# Task statement:
Transcribe the data exactly, omitting whatever pictures it holds.
(Beginning of Supplied information)
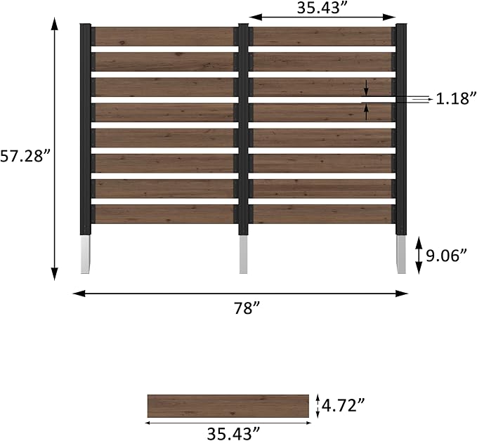 - DIMENSIONS - Once assembled, your wood fence panels will measure 48.74''H x 78''W(on ground). The dimensions of boards are: 4.72"W×35.43"L, and the gap between boards is 1.18 ". In addition, this privacy wooden screen is equipped with 9.06 "upgraded metal stakes, which are suitable for hard ground and soil for extra privacy around your patio, deck, garden, or backyard.
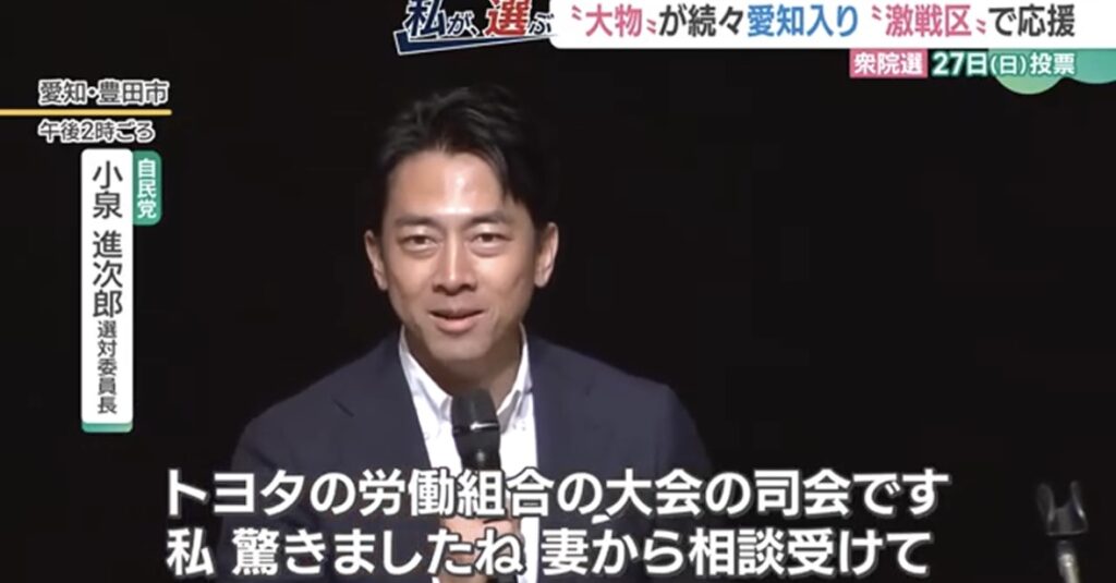 【愛知・応援演説】小泉進次郎氏「私には絶対に来ないオファーがうちの妻に来ました」明かす“トヨタの労働組合の大会の司会”
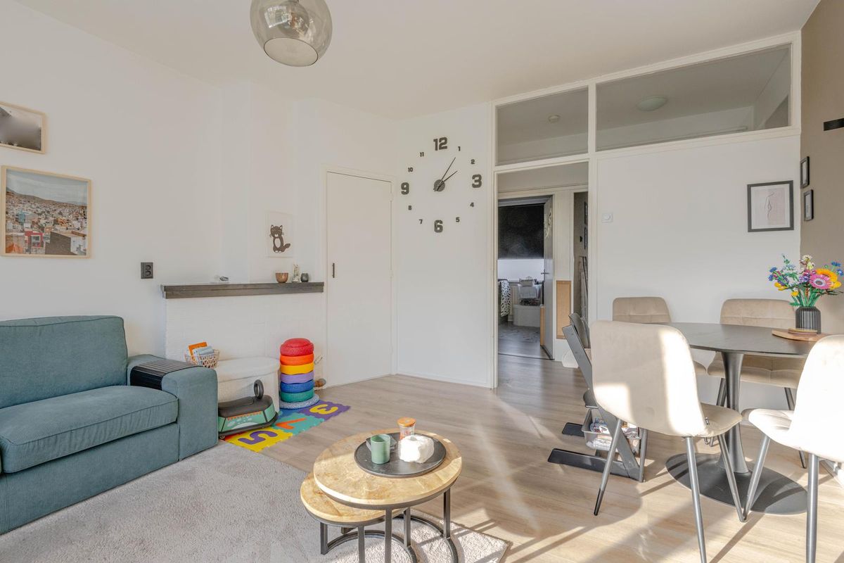 * Woonkamer aan de voorzijde voorzien van laminaatvloer, gestuukte wanden en plafonds en een vaste kast.
(End of Supplied information)
# Solved problem:
 - DIMENSIONS - Once assembled, your wood fence panels will measure 48.74''H x 78''W(on ground). The dimensions of boards are: 4.72"W×35.43"L, and the gap between boards is 1.18 ". In addition, this privacy wooden screen is equipped with 9.06 "upgraded metal stakes, which are suitable for hard ground and soil for extra privacy around your patio, deck, garden, or backyard.
 【愛知・応援演説】小泉進次郎氏「私には絶対に来ないオファーがうちの妻に来ました」明かす“トヨタの労働組合の大会の司会”
 * Woonkamer aan de voorzijde voorzien van laminaatvloer, gestuukte wanden en plafonds en een vaste kast.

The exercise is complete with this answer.